The proposed mechanism would involve: 1) Some way of marking a page as being allocated by a driver that has decided to opt into this mechanism. Say, a page flag, or a memcg flag.
Right. I would stress it should not be a memcg flag or any direct channel from the network to memcg, as this would limit its usefulness while having the same maintenance overhead. It should make the network page a first class MM citizen - like an LRU page or a slab page - which can be accounted and introspected as such, including from the memcg side. So definitely a page flag.
2) A callback provided by the driver, that takes a struct page*, and returns a boolean. The value of the boolean being true indicates that any and all refs on the page are held by the driver. False means there exists at least one reference that is not held by the driver.

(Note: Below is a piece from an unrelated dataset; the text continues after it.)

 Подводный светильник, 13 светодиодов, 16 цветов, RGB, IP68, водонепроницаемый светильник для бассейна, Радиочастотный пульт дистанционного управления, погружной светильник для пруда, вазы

I was thinking the PageNetwork flag would cover this, but maybe I'm missing something?
3) A branch in put_page() that, for pages marked thus, will consult the driver callback and if it returns true, will uncharge the memcg for the page.
The way I picture it, put_page() (and release_pages) should do this:
void __put_page(struct page *page)
{
if (is_zone_device_page(page)) {
put_dev_pagemap(page->pgmap);
/*
* The page belongs to the device that created pgmap. Do
* not return it to page allocator.
*/
return;
}
+
+ if (PageNetwork(page)) {
+ put_page_network(page);
+ /* Page belongs to the network stack, not the page allocator */
+ return;
+ }
if (unlikely(PageCompound(page)))
__put_compound_page(page);
else
__put_single_page(page);
}
where put_page_network() is the network-side callback that uncharges
the page.
(..and later can be extended to do all kinds of things when informed
that the page has been freed: update statistics (mod_page_state), put
it on a private network freelist, or ClearPageNetwork() and give it
back to the page allocator etc.
But for starters it can set_page_count(page, 1) after the uncharge to
retain the current silent recycling behavior.)

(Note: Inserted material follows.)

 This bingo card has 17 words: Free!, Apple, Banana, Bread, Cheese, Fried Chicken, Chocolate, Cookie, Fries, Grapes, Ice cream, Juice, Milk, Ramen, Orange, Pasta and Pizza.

The anonymous struct you defined above is part of a union that I think normally is one qword in length (well, could be more depending on the typedefs I saw there) and I think that can be co-opted to provide the driver callback - though, it might require growing the struct by one more qword since there may be drivers like mlx5 that are already using the field already in there for dma_addr.
The page cache / anonymous struct it's shared with is 5 words (double linked list pointers, mapping, index, private), and the network struct is currently one word, so you can add 4 words to a PageNetwork() page without increasing the size of struct page. That should be plenty of space to store auxiliary data for drivers, right?
Anyways, the callback could then be used by the driver to handle the other accounting quirks you mentioned, without needing to scan the full pool.
Right.
Of course there are corner cases and such to properly account for, but I just wanted to provide a really rough sketch to see if this (assuming it were properly implemented) was what you had in mind. If so I can put together a v3 patch.
Yeah, makes perfect sense. We can keep iterating like this any time you feel you accumulate too many open questions. Not just for MM but also for the networking folks - although I suspect that the first step would be mostly about the MM infrastructure, and I'm not sure how much they care about the internals there ;)
Per my response to Andrew earlier, this would make it even more confusing whether this is to be applied against net-next or mm trees. But that's a bridge to cross when we get to it.
The mm tree includes -next, so it should be a safe development target for the time being. I would then decide it based on how many changes your patch interacts with on either side. Changes to struct page and the put path are not very frequent, so I suspect it'll be easy to rebase to net-next and route everything through there. And if there are heavy changes on both sides, the -mm tree is the better route anyway. Does that sound reasonable?